# ABOUT THIS TASK
Excluding pictures, retype the line with "Pengamanan Upacara Pujawali" and each line that follows it to the end of the data below, word for word.
● ● ● ● ●
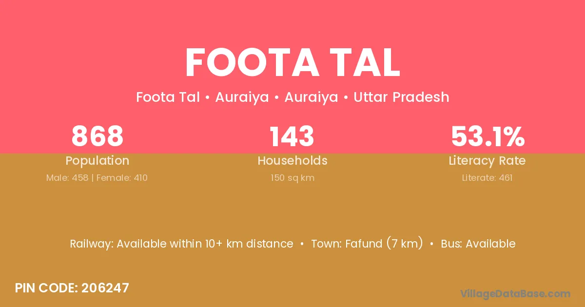 The literacy rate of Foota Tal village is 25.96%. Male literacy stands at 27.12% and female literacy at 24.44%.
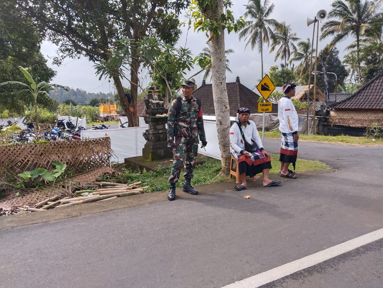 Pengamanan Upacara Pujawali di Pura Dalem, Babinsa Berperan Aktif Jamin Keamanan
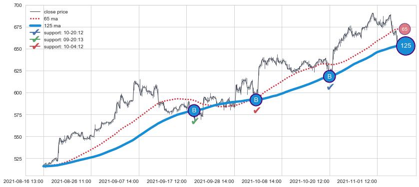 ➢ 最优均线组合共正确确认支撑阻力信号13处,正确确认率 72.22%
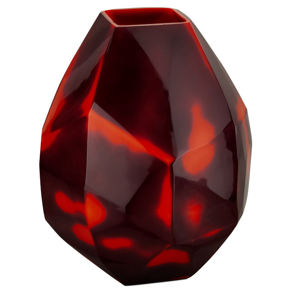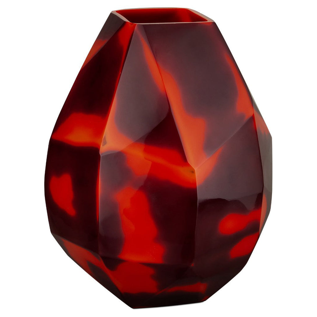 Like a cut diamond with a faceted form, the Akako Vase is a large mouth-blown glass vase with an angular profile. The vivid coral against the deeper color on its surface will make it a statement piece in an interior because it cannot help but glow. The red vase is quite large, so it is perfect for placing in a spot where it will dominate the vignette.
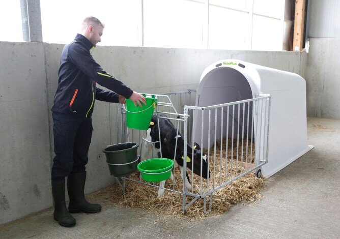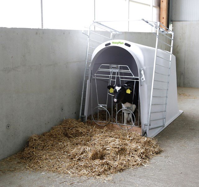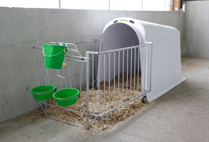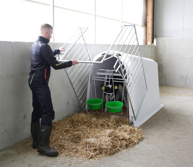 Velkorysé rozměry boudy nabízejí dostatek prostoru a ochrany proti povětrnostním vlivům pro tele a prostor pro ošetření telat pro farmáře.
● ● ● ● ●
# RESPONSE
 Pengamanan Upacara Pujawali di Pura Dalem, Babinsa Berperan Aktif Jamin Keamanan
 ➢ 最优均线组合共正确确认支撑阻力信号13处,正确确认率 72.22%
 Like a cut diamond with a faceted form, the Akako Vase is a large mouth-blown glass vase with an angular profile. The vivid coral against the deeper color on its surface will make it a statement piece in an interior because it cannot help but glow. The red vase is quite large, so it is perfect for placing in a spot where it will dominate the vignette.
 Velkorysé rozměry boudy nabízejí dostatek prostoru a ochrany proti povětrnostním vlivům pro tele a prostor pro ošetření telat pro farmáře.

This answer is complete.